А мы разговариваем с Сергеем Александровичем на сочинском пляже за несколько часов до объявления результатов голосования жюри. Соловьев еще не знает, что анановской «Золотой розе» отныне цвести в его московской квартире.
— Сергей Александрович, почему все-таки шесть лет не снимали?
— Наверное, надо ставить вопрос так: почему шесть лет не выходили на экран фильмы? За это время я написал сценарий огромной картины — «Анны Карениной». Пошел подготовительный период, уже были утверждены все актеры — кончились деньги. Картину закрыли. Потом я начал еще один огромный проект — «Иван Тургенев. Метафизика любви» — о взаимоотношениях Ивана Тургенева и Полины Виардо. Уже была сшита масса костюмов — я даже успел снять треть фильма. Но опять кончились деньги, и картину снова закрыли. Поэтому это не моя вина, что шесть лет мои фильмы не выходили.
— C «Нежным возрастом» получилось иначе?
— Эту картину я сделал очень быстро — на все ушло около года. В основном благодаря железной воле, хватке и настойчивости нашего продюсера Никиты Михалкова. За это время мы не только нашли актеров, сшили костюмы и начали снимать, но закончили картину и даже выпустили на экран.
Кстати, я совершенно не собирался снимать Митю. Я хотел, чтобы он работал в качестве консультанта по быту. И полтора месяца был убежден, что должен собрать хороший ансамбль молодых артистов, которые разыграют эту историю. Господь меня просто спас от этого дела… Потому что, если бы эту историю «разыграть с хорошими артистами» — получился бы Розов начала ХХI века — опять «В поисках радости».
Той же ерундой я занимался по отношению ко второму герою — Леше Догаеву. Искал актера на его роль. Это было очень глупо. Настоящий Леша жил в соседнем подъезде, а я все пробовал артистов. Но это был тот уникальный случай, когда не нужны артисты, которые «хорошо играют.» Или «плохо.» Разницы никакой. Здесь вообще никто ничего играть не должен был (хотя в картине, на мой взгляд, замечательно играют артисты старшего поколения). Молодые же ребята просто подарили картине куски своей жизни и судьбы и ничего не изображают.
И вот через полтора месяца поисков артистов Никита Сергеевич поинтересовался: «Я не очень хорошо понимаю, чем ты занимаешься. Ты что, ищешь человека, который будет изображать Митю?» Предложил — сними его на фото и посмотри. И я снял десяток фотографий и понял — это то, что нужно.
Когда я понял, что Митю сыграет Митя, — тут стал складываться тот самый «ансамбль», о котором я говорил. И этого ужасного Догаева сыграл сам Догаев.
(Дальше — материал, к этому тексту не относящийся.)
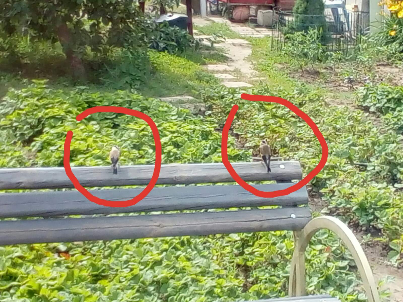 С утра в огороде птичий галдёж. На скамейке видим пару щеглов. По очереди садятся в кусты клубники. Оказывается там их птенец. Видимо первый выход из гнезда. Пытается летать. Отнесли его за двор, там заросли терновника, и скорее всего их место жительства, т.к. взрослых щеглов наблюдаем около месяца. Очень красивые птички. И щебечут приятно. Кошка тоже хотела полюбоваться птичками (услышала их галдёж), но её заперли в комнате. ЗЫ: после того, как пару лет назад купили сыну бинокль, книгу про птиц и повесили кормушку для них, узнали, что у нас обитают не только воробьи и ласточки. Наблюдали птиц: синицы, лазоревки, зеленушки, дубоносы, щеглы, сорокопут-жуланы, мухоловки-пеструшки, трясогузки, удоды, дятлы.
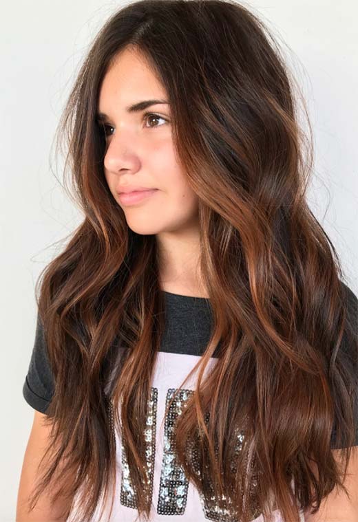 Questa è un'altra versione delle meches color pesca che aggiungono una sensazione gioiosa ai capelli castano scuro. Se hai sempre voluto sperimentare con i pastelli, questo è un modo facile e sempre appropriato per farlo. Questo look è magnifico grazie agli strati extra lunghi, ma starebbe altrettanto bene sui capelli più corti.
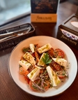 Легкий салат з м'яким сиром, болгарським перцем, чері, цибулі запревлений соусом з зеленні
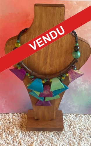 Le collier Artisanal Bleu Turquoise & Violet est une pièce spectaculaire et élégante, qui témoigne de l'excellence du savoir-faire artisanal indonésien. Ce bijou expressif est idéal pour ajouter une touche artistique et ethnique à n’importe quelle tenue.
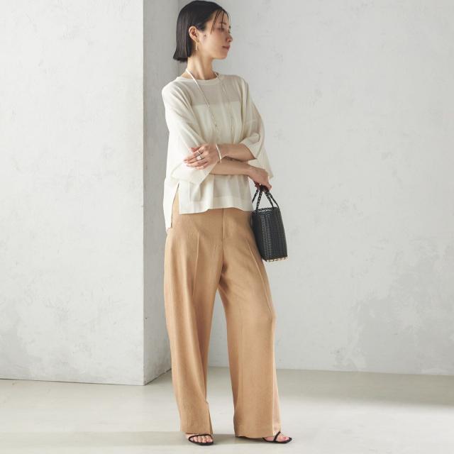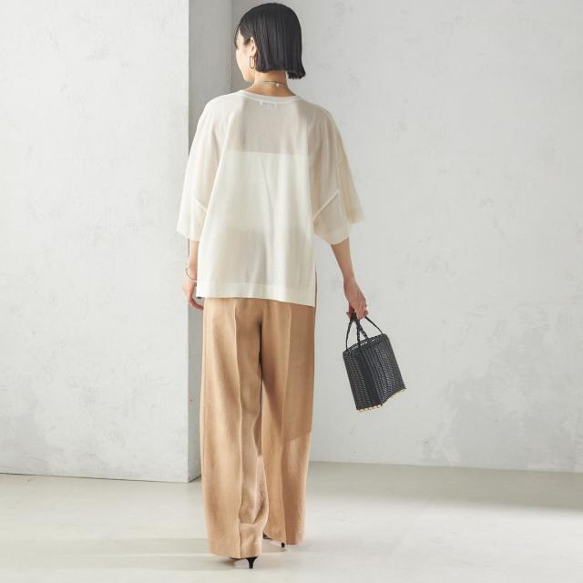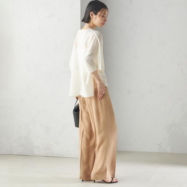 生地厚で身体のラインを拾いにくく、素材の落ち感が綺麗に着用して頂けるワイドシルエットです。
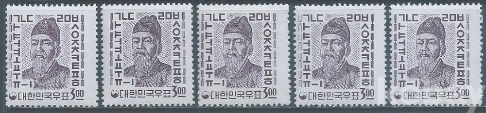 (한국우표-14)1964년제1차국산백지보통3원세종대왕5매(미사용제)-MNH, VF
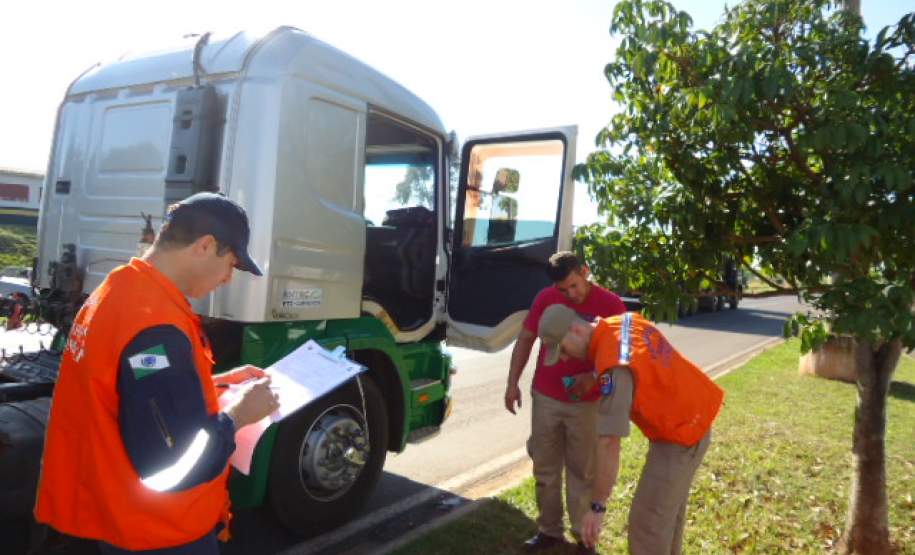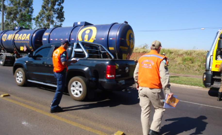 Foram fiscalizados 13 veículos, destes dois veículos estavam irregulares para o transporte de produtos perigosos, e foram notificados pela Polícia Rodoviária Estadual.
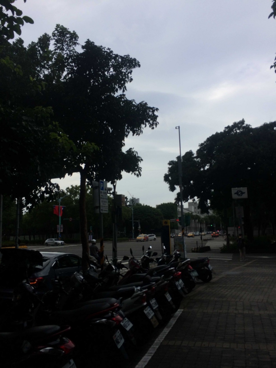 台湾のわりに街路樹が比較的緑色が綺麗な樹木でした。政府の建物や公的機関がおおく並んでいる通りでした。学校などはなく、子供達なども見かけませんでした。バイクを無料で停めれるスペースが道路にあって、便利そうでした

По жанру же у нас получился фильм-роман. Он охватывает огромную, самую важную, на мой взгляд, часть жизни человека — от 5 до 25 лет. А у кого-то — например, у Лермонтова — это почти вся жизнь. Человеческая жизнь — это все-таки симфоническое произведение, в котором много тем, мотивов, контрапунктически то сплетающихся, то расходящихся, чаще всего — навсегда…
— Вы довольны сыном как артистом?
— Я больше доволен «как артистом» Марчелло Мастроянни. На этом же месте у нас в картине должен был быть только Митя, и больше никто. К тому же он с десяти лет на съемочных площадках — начал на «Чужой Белой и Рябом» в Казахстане, потом была «Асса», к которой он как дизайнер сделал плакат. Потом — «Черная роза…» Потом — актерский ВГИКа.
— А вам не кажется, что если б «Нежный возраст» вышел лет пять назад — картина прозвучала бы более актуально?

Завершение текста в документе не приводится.